Your instructions => Return the run of lines below that opens with the line containing "3年生 みんなにクイズ 公開日" and closes with the line containing "PTFE、HFP產能分散,H", keeping each one exact.

Listed records =>
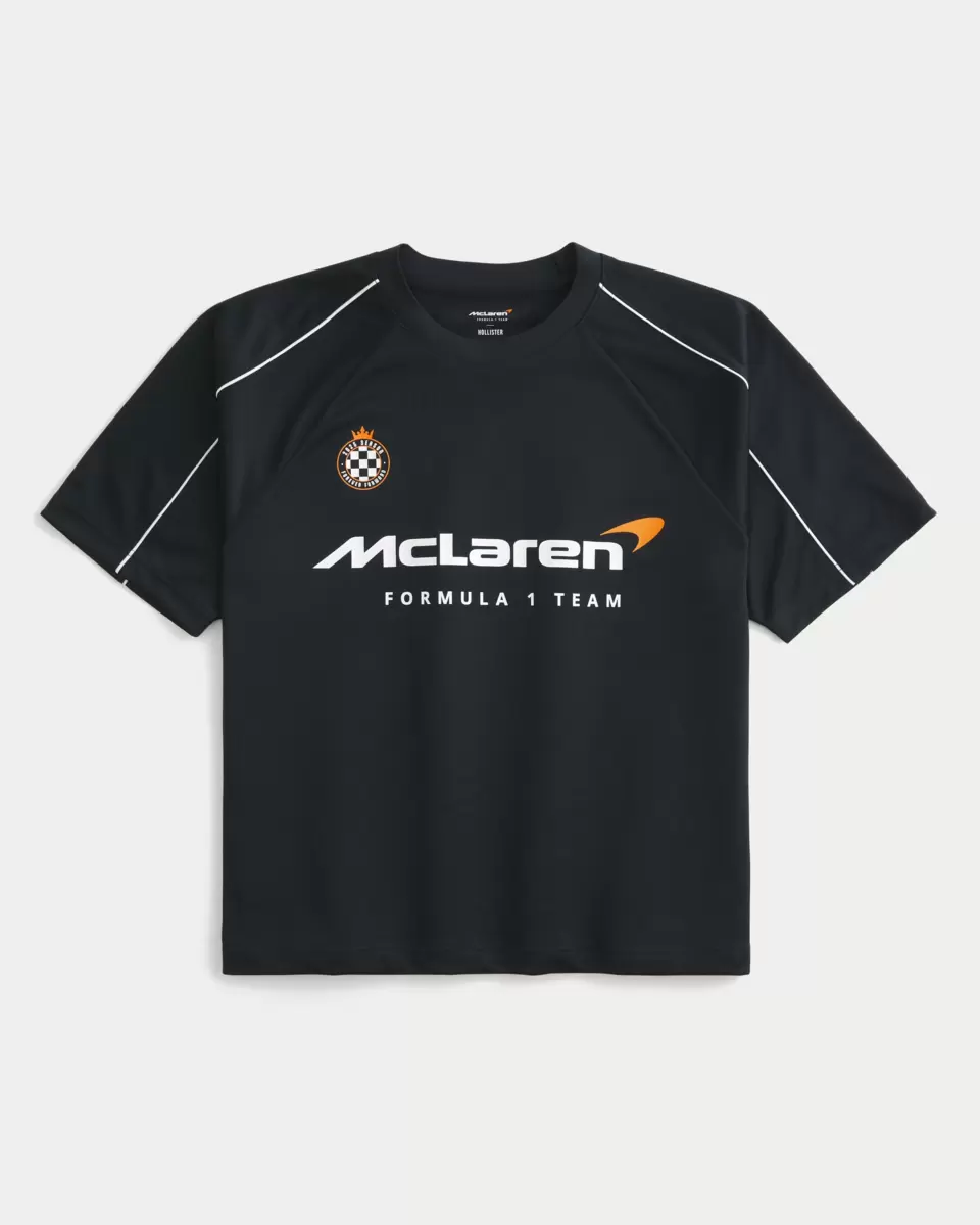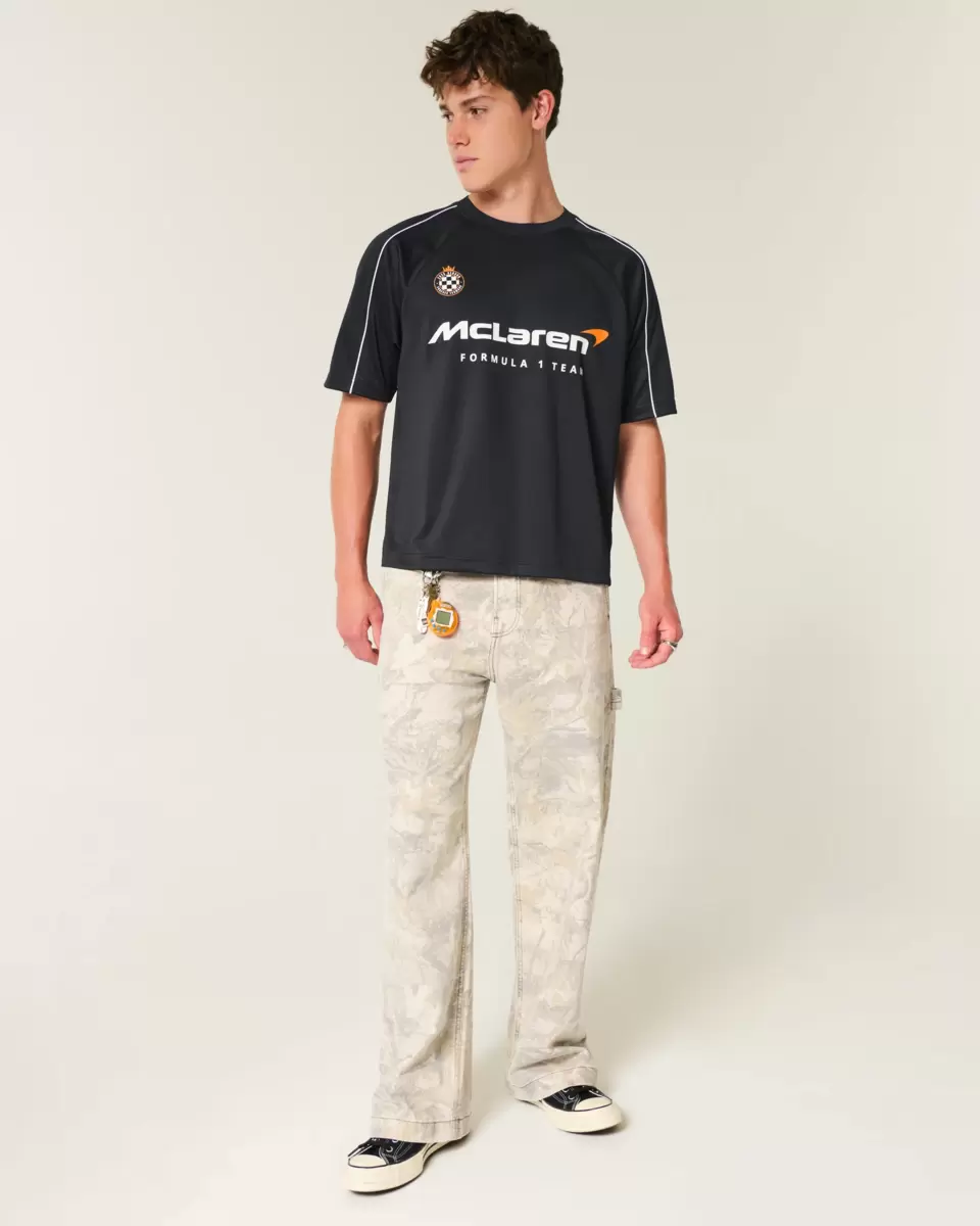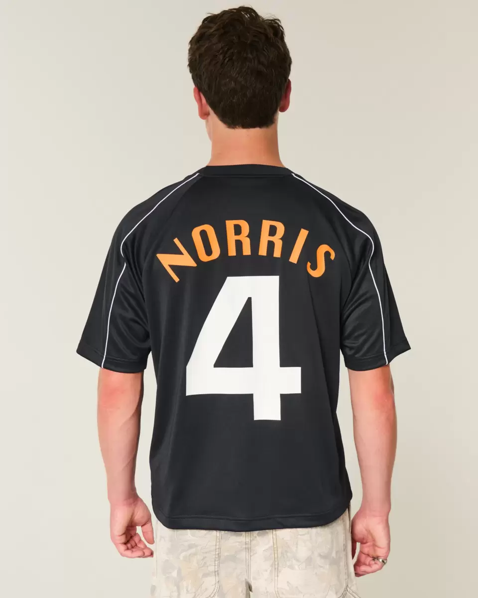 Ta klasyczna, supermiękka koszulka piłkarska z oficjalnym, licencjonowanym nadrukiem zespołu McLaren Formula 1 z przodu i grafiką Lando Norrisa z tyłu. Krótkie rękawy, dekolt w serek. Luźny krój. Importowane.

--

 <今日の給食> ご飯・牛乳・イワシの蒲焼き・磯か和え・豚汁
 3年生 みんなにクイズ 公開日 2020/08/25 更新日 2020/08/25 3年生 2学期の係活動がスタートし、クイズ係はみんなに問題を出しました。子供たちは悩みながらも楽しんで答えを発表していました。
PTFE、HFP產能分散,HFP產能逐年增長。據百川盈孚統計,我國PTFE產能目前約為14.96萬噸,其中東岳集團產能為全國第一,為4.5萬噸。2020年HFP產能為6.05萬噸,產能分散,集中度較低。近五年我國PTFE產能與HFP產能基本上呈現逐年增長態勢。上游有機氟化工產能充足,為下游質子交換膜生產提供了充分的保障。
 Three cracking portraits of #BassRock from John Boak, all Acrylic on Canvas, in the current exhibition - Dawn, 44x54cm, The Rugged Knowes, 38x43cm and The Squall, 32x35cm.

Task result =>
 3年生 みんなにクイズ 公開日 2020/08/25 更新日 2020/08/25 3年生 2学期の係活動がスタートし、クイズ係はみんなに問題を出しました。子供たちは悩みながらも楽しんで答えを発表していました。
PTFE、HFP產能分散,HFP產能逐年增長。據百川盈孚統計,我國PTFE產能目前約為14.96萬噸,其中東岳集團產能為全國第一,為4.5萬噸。2020年HFP產能為6.05萬噸,產能分散,集中度較低。近五年我國PTFE產能與HFP產能基本上呈現逐年增長態勢。上游有機氟化工產能充足,為下游質子交換膜生產提供了充分的保障。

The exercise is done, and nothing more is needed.